Oldest known fossils prove life began more than 3.4bn years ago
Steve Connor is the Science Editor of The Independent and i. He has won many awards for his journalism, including five-times winner of the prestigious British science writers’ award; the David Perlman Award of the American Geophysical Union; four times highly commended as specialist journalist of the year in the UK Press Awards; UK health journalist of the year and a special merit award of the European School of Oncology for his investigations into the tobacco industry.
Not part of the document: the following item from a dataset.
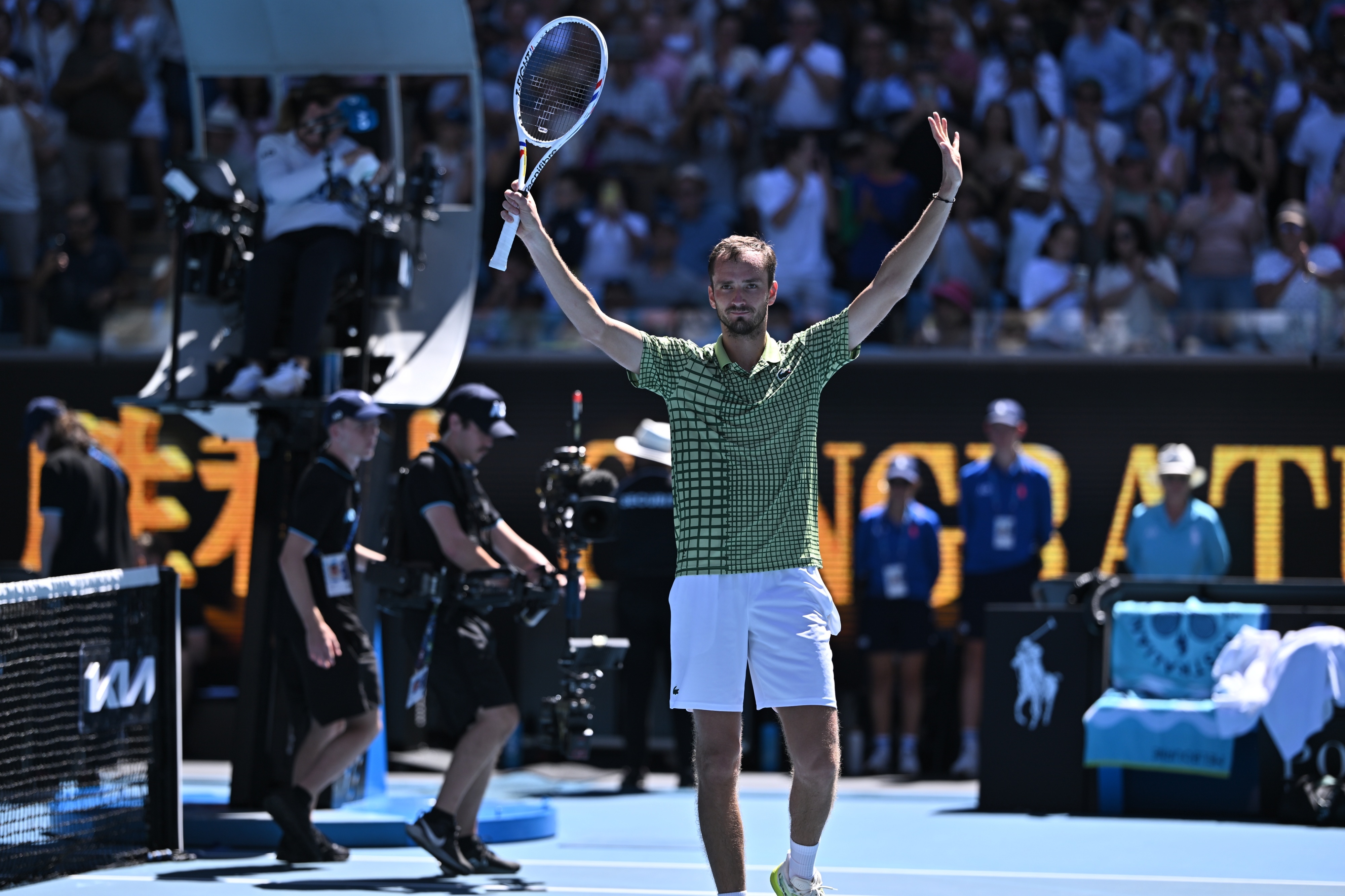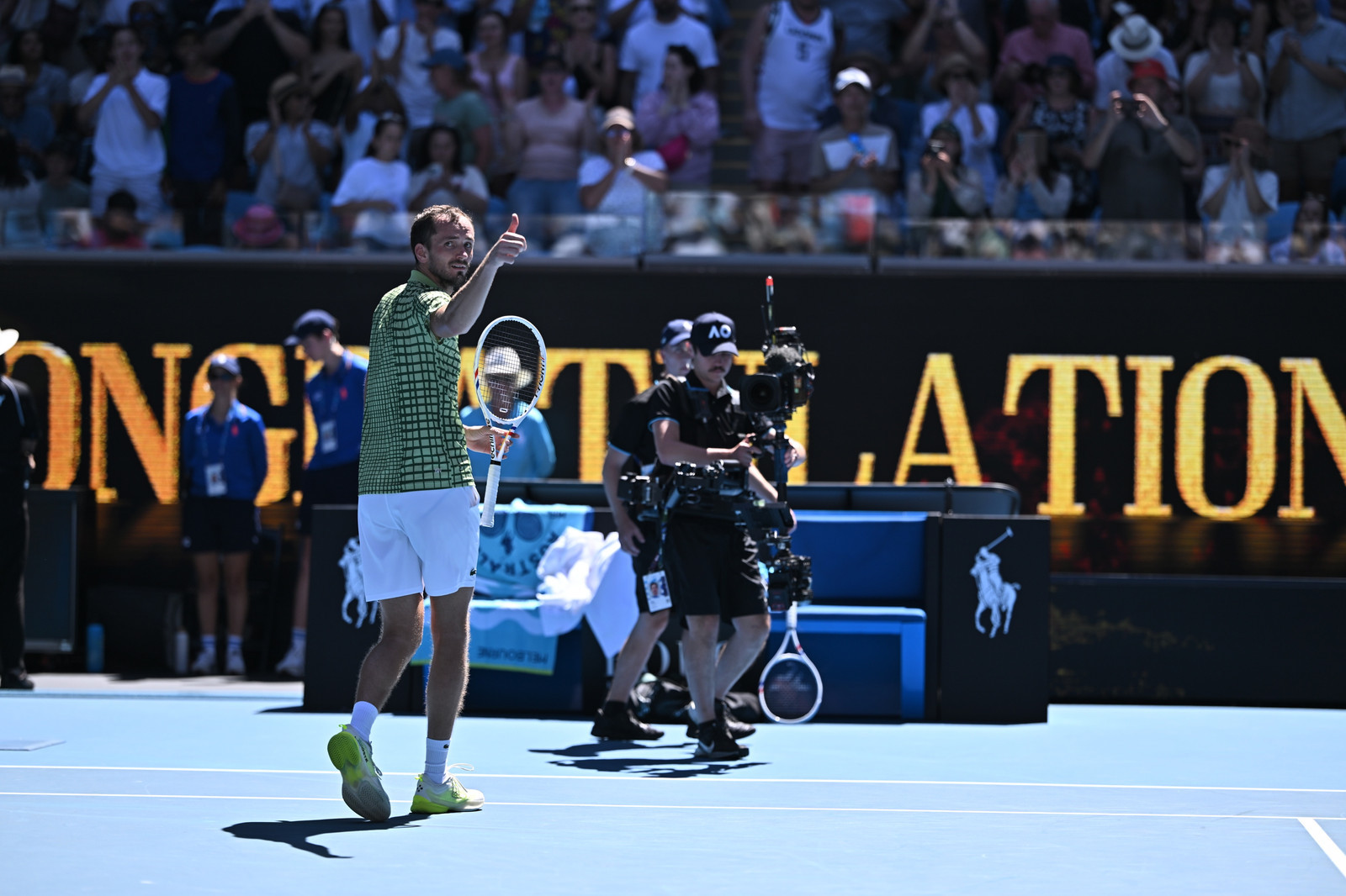 大方逆转!再续前缘!梅德韦杰夫澳网再战勒纳钱 梅德韦杰夫上演“输二赢三”,6-7(5)/4-6/7-5/6-0/6-3逆转马洛桑,成功跻身16强,将和25号种子勒纳·钱争夺八强,去年他曾在第二轮输给对手。
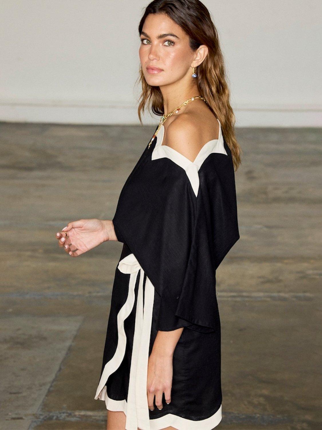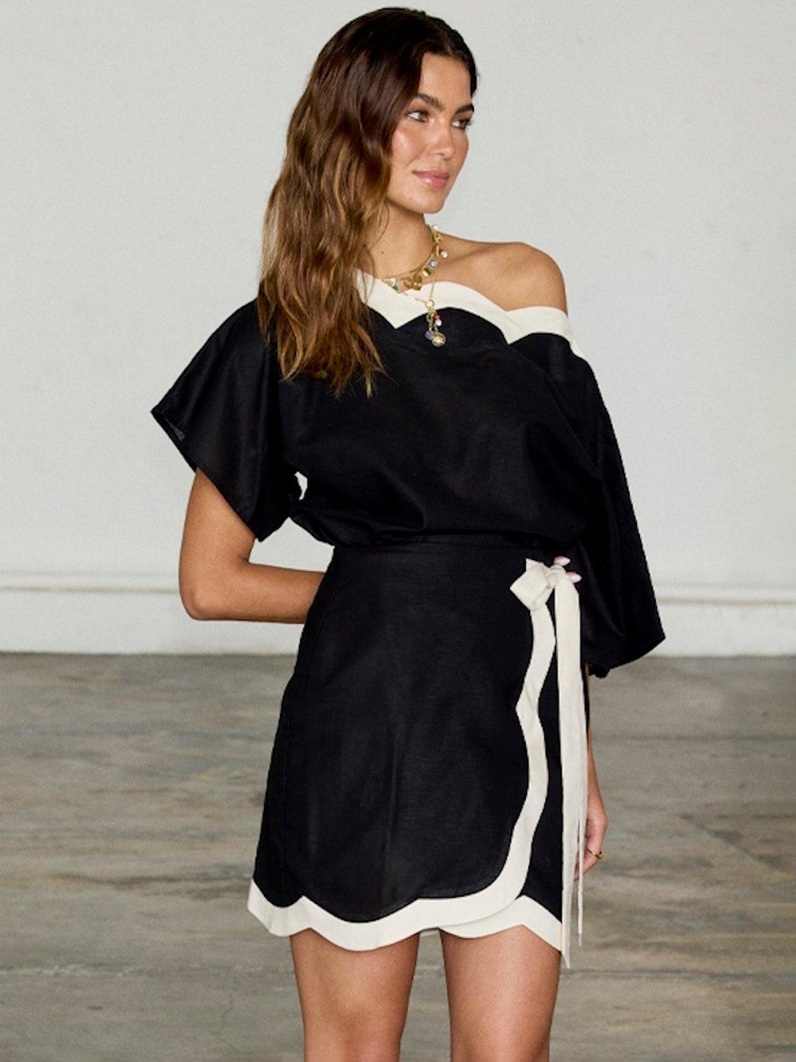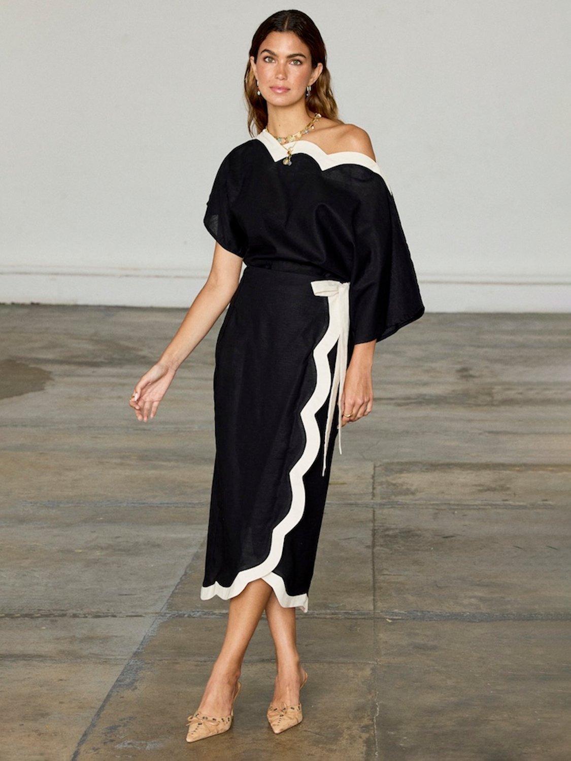 With contrast white scallop detailing, this blouse from Never Fully Dressed is framed with an asymmetric neckline and batwing elbow length sleeves. Made from a linen blend for a breathable, airy quality, pair with the matching wrap skirt for the coordinated look, or simply pull on with jeans.

He has a degree in zoology from the University of Oxford and has a special interest in genetics and medical science, human evolution and origins, climate change and the environment.
Monday 22 August 2011
The fossilised remains of the oldest known lifeforms on Earth have been discovered in samples of rock collected near a remote watering hole in the middle of the Australian Outback.
Scientists said that the microscopic fossils belonged to primitive bacteria that lived more than 3.4 billion years ago, when the Earth had emerged from a period when it was probably too hostile for life. The primitive microbes used sulphur instead of oxygen to generate energy from food and, the scientists said, they may be the closest that science will ever get to the mysterious origin of life on Earth.
The fossils were found in rocks that were originally formed in shallow seas near a coastline and suggest that beaches may have been the key habitat where the Earth's first lifeforms thrived, said David Wacey, of the University of Western Australia.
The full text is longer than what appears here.